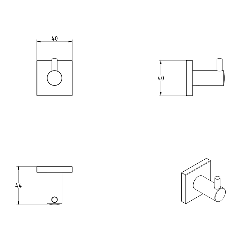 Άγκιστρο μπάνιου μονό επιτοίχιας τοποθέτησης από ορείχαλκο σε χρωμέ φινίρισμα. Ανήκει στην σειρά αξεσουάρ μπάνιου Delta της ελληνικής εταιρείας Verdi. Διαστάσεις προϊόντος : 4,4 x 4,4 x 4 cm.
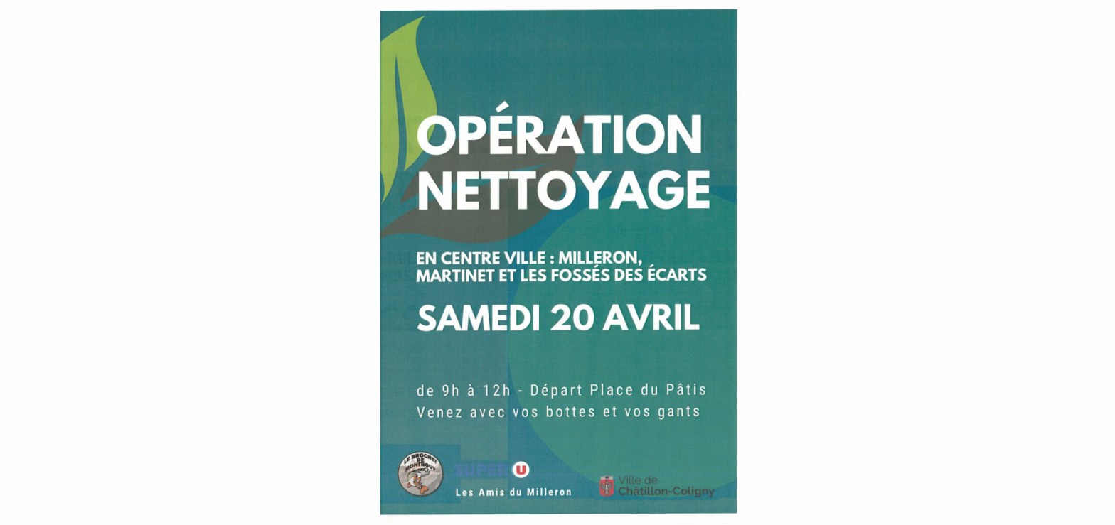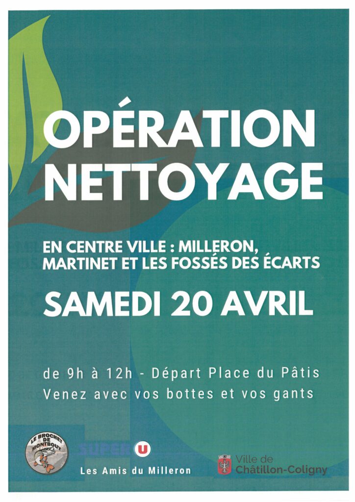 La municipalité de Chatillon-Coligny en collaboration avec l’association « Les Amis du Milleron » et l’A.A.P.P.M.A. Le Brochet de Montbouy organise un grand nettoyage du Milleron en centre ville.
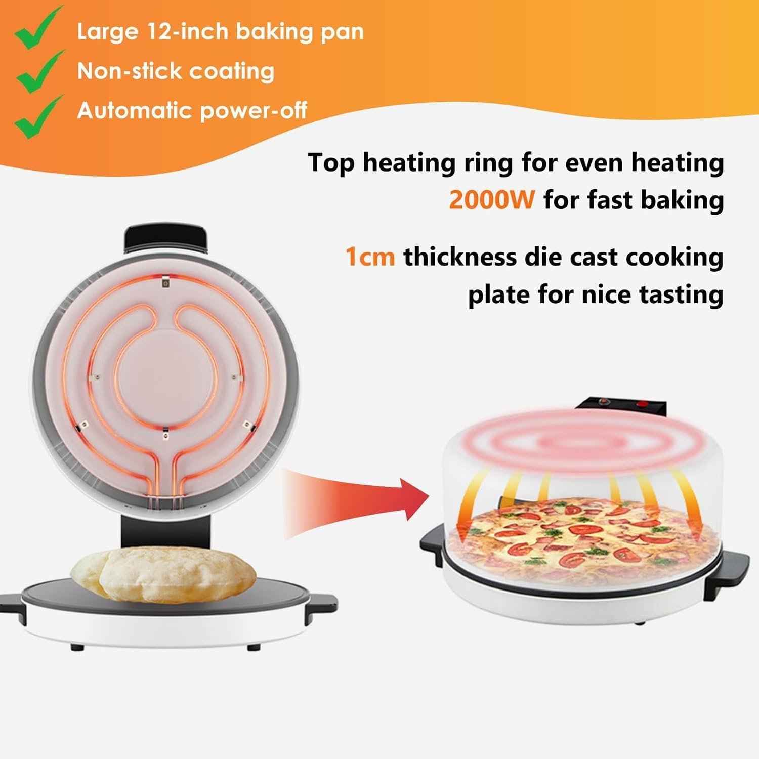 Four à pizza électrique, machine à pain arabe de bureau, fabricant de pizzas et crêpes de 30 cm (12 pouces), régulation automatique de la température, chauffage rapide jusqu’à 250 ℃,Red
^^^^^^^^
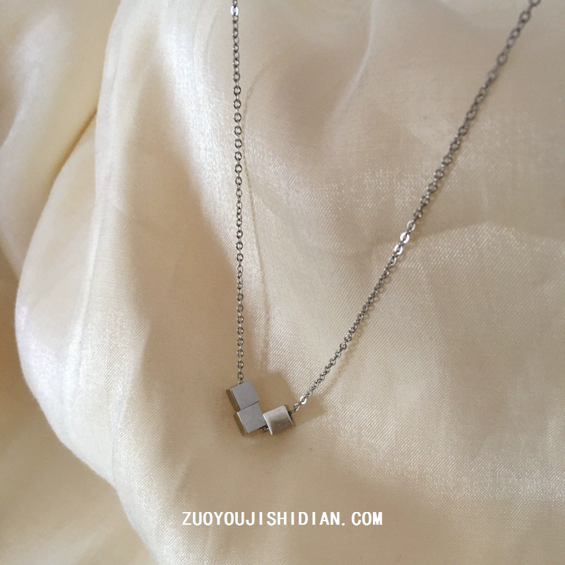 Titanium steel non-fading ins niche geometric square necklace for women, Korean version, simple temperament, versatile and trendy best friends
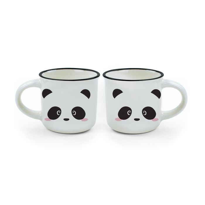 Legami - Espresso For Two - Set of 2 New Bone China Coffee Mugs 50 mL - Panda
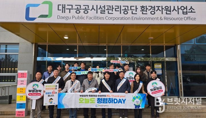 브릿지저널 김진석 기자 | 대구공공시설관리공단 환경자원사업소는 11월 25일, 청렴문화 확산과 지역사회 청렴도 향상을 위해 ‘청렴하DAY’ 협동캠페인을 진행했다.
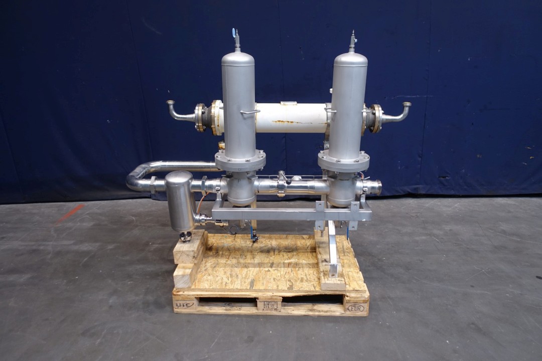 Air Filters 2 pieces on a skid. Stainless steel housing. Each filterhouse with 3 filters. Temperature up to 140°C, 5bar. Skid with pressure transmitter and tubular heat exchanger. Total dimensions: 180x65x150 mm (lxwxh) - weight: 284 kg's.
^^^^^^^^
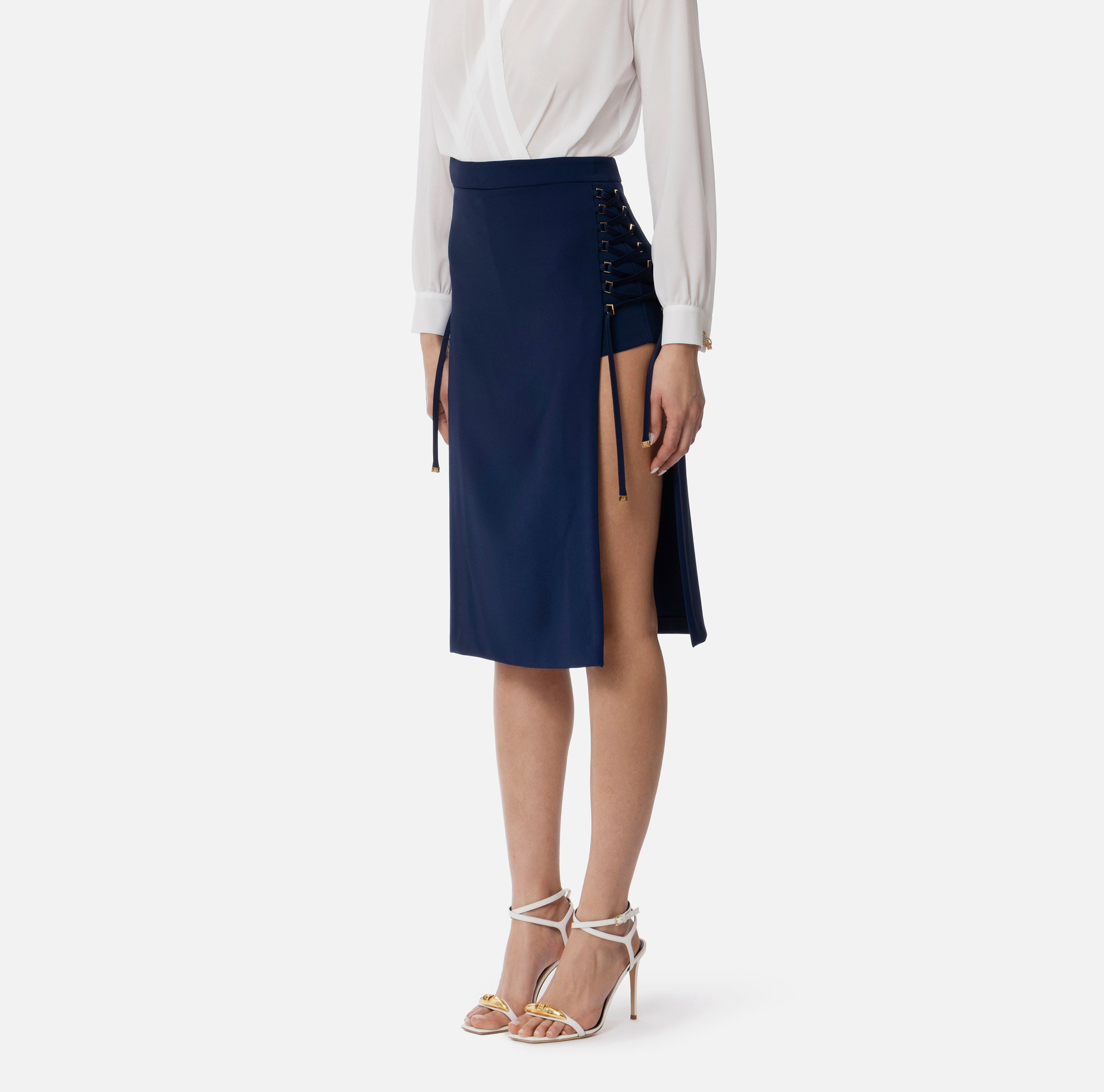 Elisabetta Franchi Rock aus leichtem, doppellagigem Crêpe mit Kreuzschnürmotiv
^^^^^^^^
■ **Assignment**
In the listing above, find the line with "La municipalité de" and the line with "Four à pizza". Copy exactly those lines and all between them, minus the images.

■ **Solution**
 La municipalité de Chatillon-Coligny en collaboration avec l’association « Les Amis du Milleron » et l’A.A.P.P.M.A. Le Brochet de Montbouy organise un grand nettoyage du Milleron en centre ville.
 Four à pizza électrique, machine à pain arabe de bureau, fabricant de pizzas et crêpes de 30 cm (12 pouces), régulation automatique de la température, chauffage rapide jusqu’à 250 ℃,Red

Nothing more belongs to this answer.